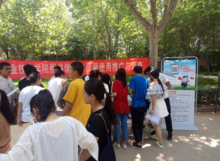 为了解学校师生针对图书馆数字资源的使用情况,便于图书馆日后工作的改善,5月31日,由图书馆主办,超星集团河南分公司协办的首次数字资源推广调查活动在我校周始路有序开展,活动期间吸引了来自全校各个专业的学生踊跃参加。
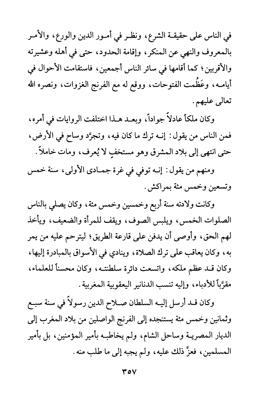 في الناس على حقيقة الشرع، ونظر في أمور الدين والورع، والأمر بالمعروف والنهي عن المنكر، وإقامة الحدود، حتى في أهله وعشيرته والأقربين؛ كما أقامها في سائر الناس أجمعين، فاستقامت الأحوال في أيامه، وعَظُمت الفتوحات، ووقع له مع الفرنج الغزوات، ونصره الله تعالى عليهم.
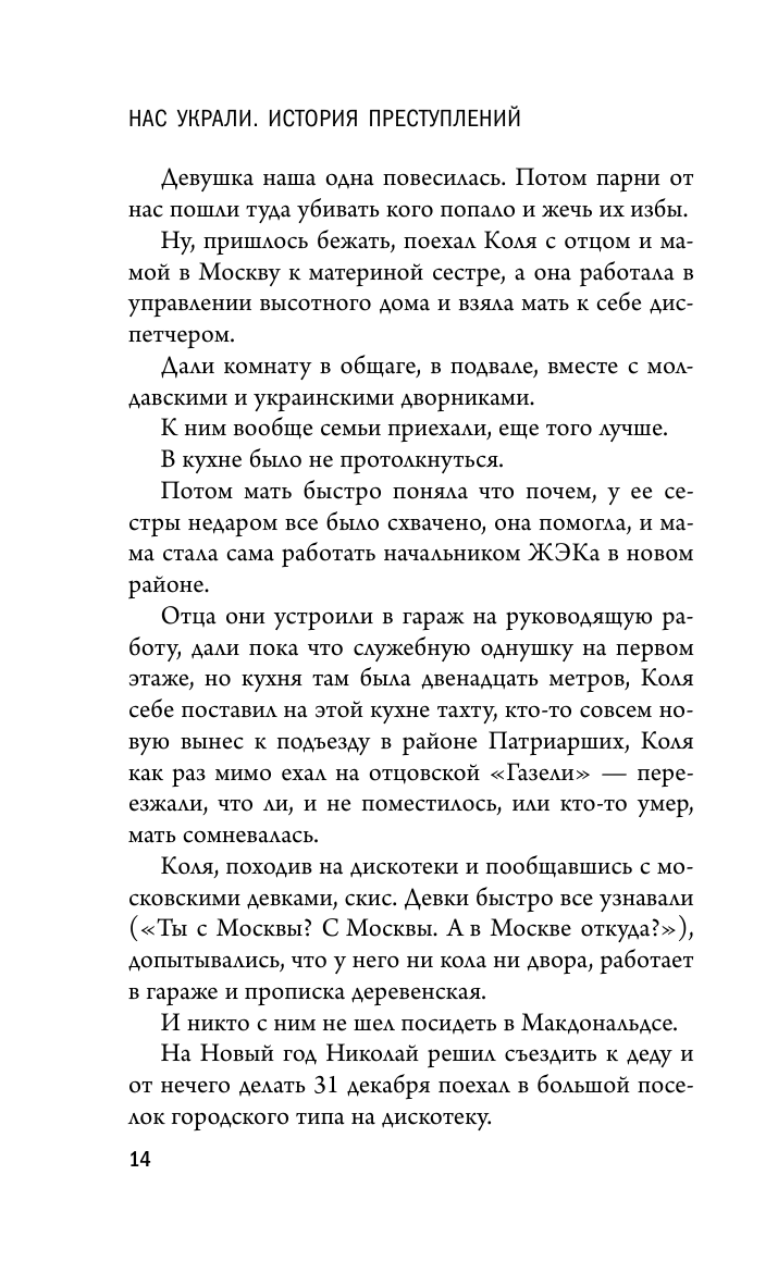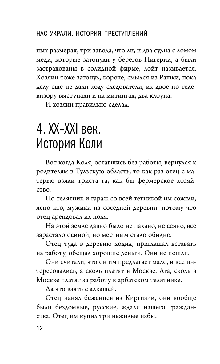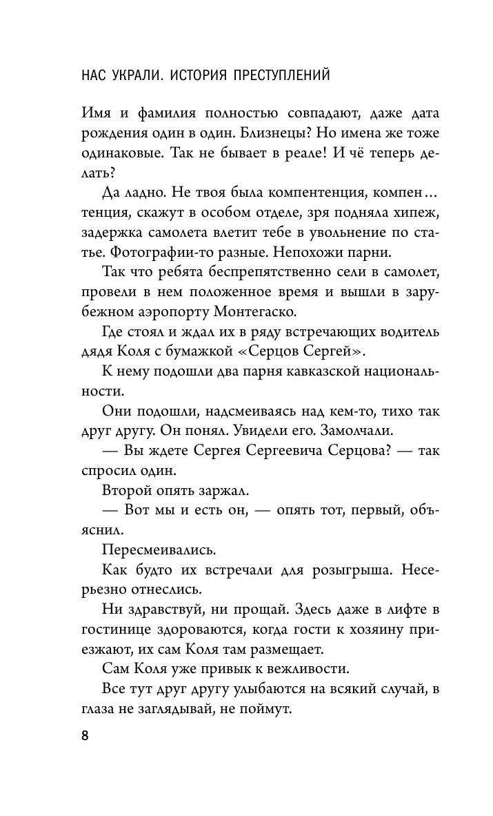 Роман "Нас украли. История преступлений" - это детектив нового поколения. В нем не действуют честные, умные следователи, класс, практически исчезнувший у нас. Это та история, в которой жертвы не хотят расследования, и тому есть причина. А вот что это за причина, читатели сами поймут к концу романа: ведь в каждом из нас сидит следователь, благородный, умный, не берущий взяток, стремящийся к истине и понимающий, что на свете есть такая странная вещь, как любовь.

========

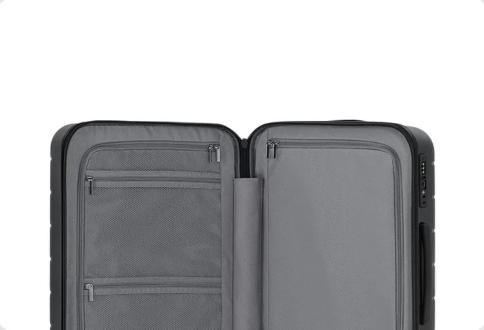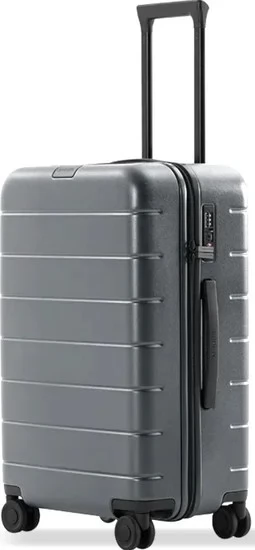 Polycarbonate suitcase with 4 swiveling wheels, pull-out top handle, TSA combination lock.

========

Work order: Among the lines above, the one with "为了解学校师生针对图书馆数字" opens the part to repeat and the one with "вещь, как любовь." closes it; repeat only that part exactly, with no pictures.

Solution to this task:
 为了解学校师生针对图书馆数字资源的使用情况,便于图书馆日后工作的改善,5月31日,由图书馆主办,超星集团河南分公司协办的首次数字资源推广调查活动在我校周始路有序开展,活动期间吸引了来自全校各个专业的学生踊跃参加。
 في الناس على حقيقة الشرع، ونظر في أمور الدين والورع، والأمر بالمعروف والنهي عن المنكر، وإقامة الحدود، حتى في أهله وعشيرته والأقربين؛ كما أقامها في سائر الناس أجمعين، فاستقامت الأحوال في أيامه، وعَظُمت الفتوحات، ووقع له مع الفرنج الغزوات، ونصره الله تعالى عليهم.
 Роман "Нас украли. История преступлений" - это детектив нового поколения. В нем не действуют честные, умные следователи, класс, практически исчезнувший у нас. Это та история, в которой жертвы не хотят расследования, и тому есть причина. А вот что это за причина, читатели сами поймут к концу романа: ведь в каждом из нас сидит следователь, благородный, умный, не берущий взяток, стремящийся к истине и понимающий, что на свете есть такая странная вещь, как любовь.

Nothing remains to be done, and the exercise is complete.